Ao acompanhar o seu trajeto e refazer o percurso de cada livro seu no momento em que me predispus a estudar o romance Joaquina, filha do Tiradentes, 1987,* em minha dissertação de Mestrado, apresentada ao Curso de Pós Graduação em Letras: Estudos Literários da Faculdade de Letras da UFMG, não tinha ideia da enorme riqueza que os seus escritos me proporcionariam. O romance lançou-me, também, ao estudo da pintura, da música e da fascinante história de Minas Gerais que permeia os seus escritos. Fez-me ler os relatos dos viajantes no Brasil e reler os sermões de Vieira, descortinou para mim toda uma literatura empenhada em rever e reler a ficção que se entrelaça aos acontecimentos históricos e as artes em geral.
Joaquina, filha do Tiradentes inscreve-se nessa produção contemporânea caracterizada pelo entrecruzamento da ficção com a História, da literatura e outras artes e campos do conhecimento. Compõem-se esses textos de produtos híbridos, promovedores de um discurso interdisciplinar que intenta, pela invenção e pelo preenchimento de lacunas historiográficas, principalmente, suplementar ou mesmo reescrever o registro ficcional.
A análise dessas narrativas põe o leitor diante de textos tensionados pela preocupação em recolher a crônica histórica e o desejo de preservar o passado. O trabalho fabulador da ficcionista passaria, assim, por uma espécie de ambivalência: ser, ao mesmo tempo, romancista e historiadora, ou seja, a voz que fala no romance construiria sua trama a partir de elementos factuais apropriados da narrativa histórica, e de elementos ficcionais, construídos pela imaginação.
Na dissertação, originada dessa pesquisa, estudo essas delicadas relações entre ficção e História, a partir do romance Joaquina, filha do Tiradentes. Ao privilegiar nesse romance a História, a romancista busca recompor, com o maior grau de verossimilhança possível, os contornos históricos do século 18, conjugando-os com a composição de uma vida ficcional para Joaquina, a filha bastarda do herói-mártir da Inconfidência, Joaquim José da Silva Xavier, o Tiradentes. Ao fazer falar uma voz que a História "nem se lembrou de esquecer", como afirmou Carlos Drummond de Andrade em um pooema dedicado a Joaquina. A romancista promove, então, no texto uma série de convergências entre os registros da Inconfidência e a invenção, cujo resultado é um texto de requintada orquestração.
A relevante produção de Maria José de Queiroz, cerca de trinta títulos, incluindo prosa, poesia e ensaios críticos, é marcada por um constante exercício de estilo que evidencia esse rigor com que a escritora delineia o seu trabalho. Pedro Nava aponta essas qualidades de estilo da ficcionista mineira, salientando que "catar, separar, escolher" são atitudes básicas da escritora e que esse trabalho artesanal passaria por um empreendimento pautado pela erudição e pelo requinte da elaboração pormenorizada de cenários e cenas da vida mineira. 
 
Por caminhos e tinta de América








O espírito crítico, indispensável ao ensaísta, tem dirigido a minha pena, e penas. Contudo, a tentação da análise, rendida sempre à inspiração alheia, talvez me leve a arar o meu próprio campo...

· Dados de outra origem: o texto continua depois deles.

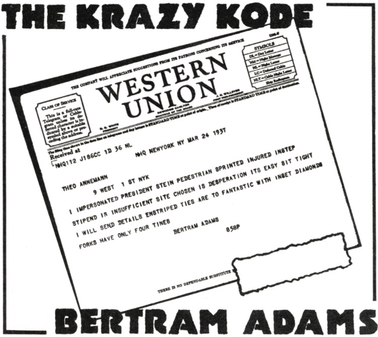 All one needs is a telegram as per that on the cover of this issue and two dice. The spectator actually selects the word as described above and you start to concentrate. After mussing your hair a bit and grunting, say “My dear sir, you evidently have never had your mind read before, and the word is coming to me in a jumble. However, I will call out letters as I get them, and you please cross them off as I call them. When you have crossed out the last remaining one of the letters in the word, say “RIGHT” in a loud voice in order that I may not sink too much into a trance.”

                                                                       Maria José de Queiroz

Maria José de Queiroz é uma das raras escritoras brasileiras que são perfiladas pelo rótulo, às vezes pouco lisonjeiro, de eruditas. A crítica feita a sua obra ressalta, quase sempre, as qualidades do estilo e da prática da língua, como salientou Pedro Nava, na apresentação do romance Homem de sete partidas, publicado em 1980. Nava define-a como artista e artesã da palavra pela sua perícia em:

catar, separar, escolher a palavra adequada, o verbete justo, a expressão insubstituível – ao seu manejo, num jeito que encanta pela simplicidade, pelo correntio, que são o resultado do que é incansavelmente trabalhado até poder se apresentar em estado de pureza e da supressão de todo o supérfluo.[2]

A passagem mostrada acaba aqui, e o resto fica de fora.